An intimate look into three Victorian photo-settings, Pleasures Taken
considers questions of loss and sexuality as they are raised by some of the most compelling and often misrepresented photographs of the era: Lewis Carroll’s photographs of young girls; Julia Margaret Cameron’s photographs of Madonnas; and the photographs of Hannah Cullwick, a "maid of all work," who had herself pictured in a range of masquerades, from a blackened chimney sweep to a bare-chested Magdalene.
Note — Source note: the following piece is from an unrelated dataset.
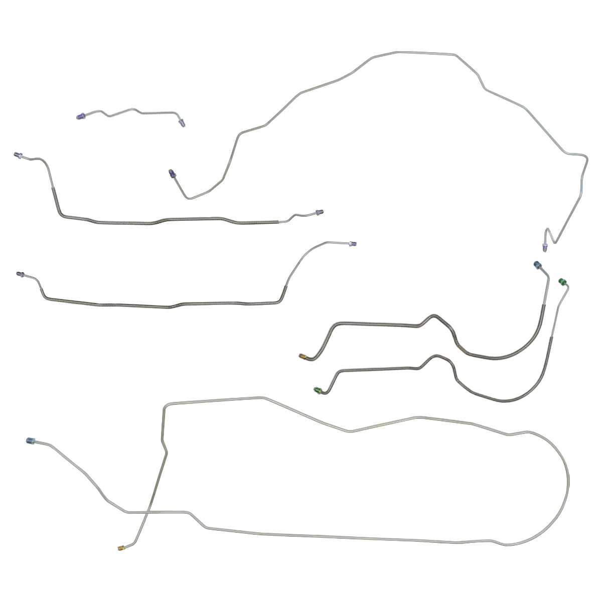 This preformed complete brake line kit will replace all the metal brake lines on your vehicle and includes the master cylinder lines, left front line and right front crossover line, intermediate lines, and rear axle lines/trailing arm lines.

Reading these settings performatively, Carol Mavor shifts the focus toward the subjectivity of these girls and women, and toward herself as a writer.
Mavor’s original approach to these photographs emphatically sees sexuality where it has been previously rendered invisible. She insists that the sexuality of the girls in Carroll’s pictures is not only present, but deserves recognition, respect, and scrutiny. Similarly, she sees in Cameron’s photographs of sensual Madonnas surprising visions of motherhood that outstrip both Victorian and contemporary understandings of the maternal as untouchable and inviolate, without sexuality. Finally she shows how Hannah Cullwick, posing in various masquerades for her secret paramour, emerges as a subject with desires rather than simply a victim of her upper-class partner. Even when confronting the darker areas of these photographs, Mavor perseveres in her insistence on the pleasures taken—by the viewer, the photographer, and often by the model herself—in the act of imagining these sexualities. Inspired by Roland Barthes, and drawing on other theorists such as Julia Kristeva and Luce Irigaray, Mavor creates a text that is at once interdisciplinary, personal, and profoundly pleasurable.